_EXERCISE AIM_
Line by line, set down all the data below exactly, omitting any picture.

_DATA EXTRACT_
────────────────────

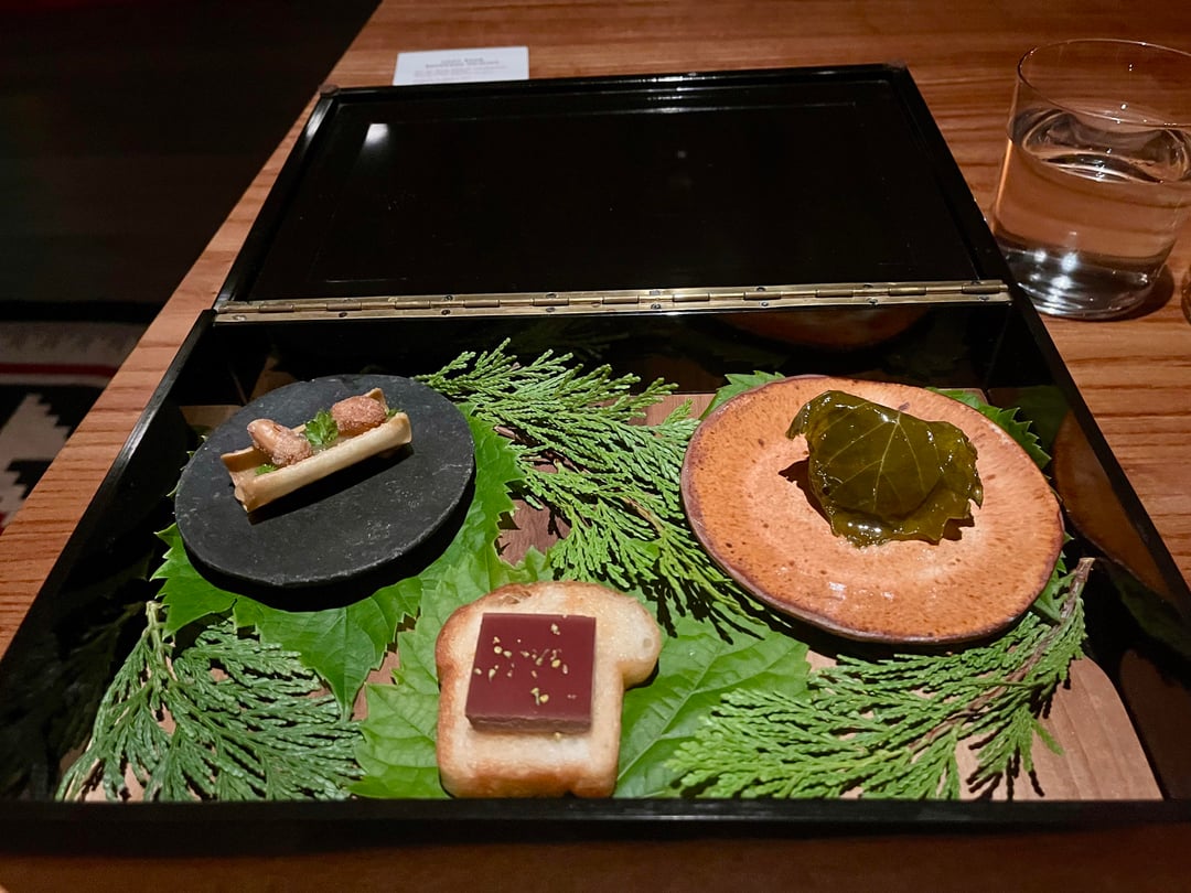 Fifth was “Duck Box” with a theme of PB&J. Duck liver sando toasted in duck fat with grape gel, ants on a log with celery tuile and peanut miso, and a grape leaf stuffed with duck confit and raisins. The tuile was very interesting, adding a rigidity to the dish and the theme came through as interesting interplay of peanut butter and grape accents.
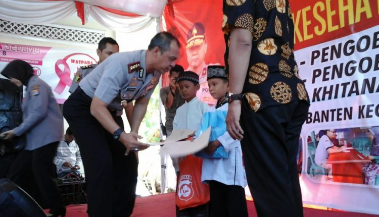 Dalam program tersebut Biddokes Polda Banten membuka pengobatan gratis seperti pengobatan umum, pengobatan gizi, khitanan massal dan usaha kesehatan gigi sekolah.
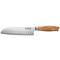 Le manche en bois d'olivier naturel, gravé d'un sigle japonais, assure une prise en main confortable, transformant vos sessions culinaires en moments agréables et efficaces. Conçu pour exceller dans la découpe de légumes, viandes et poissons, le Santoku Wusaki allie performance et esthétique grâce à son magnifique motif damassé et son martelage anti-adhérence.

────────────────────

_COMPLETED TASK_
 Fifth was “Duck Box” with a theme of PB&J. Duck liver sando toasted in duck fat with grape gel, ants on a log with celery tuile and peanut miso, and a grape leaf stuffed with duck confit and raisins. The tuile was very interesting, adding a rigidity to the dish and the theme came through as interesting interplay of peanut butter and grape accents.
 Dalam program tersebut Biddokes Polda Banten membuka pengobatan gratis seperti pengobatan umum, pengobatan gizi, khitanan massal dan usaha kesehatan gigi sekolah.
 Le manche en bois d'olivier naturel, gravé d'un sigle japonais, assure une prise en main confortable, transformant vos sessions culinaires en moments agréables et efficaces. Conçu pour exceller dans la découpe de légumes, viandes et poissons, le Santoku Wusaki allie performance et esthétique grâce à son magnifique motif damassé et son martelage anti-adhérence.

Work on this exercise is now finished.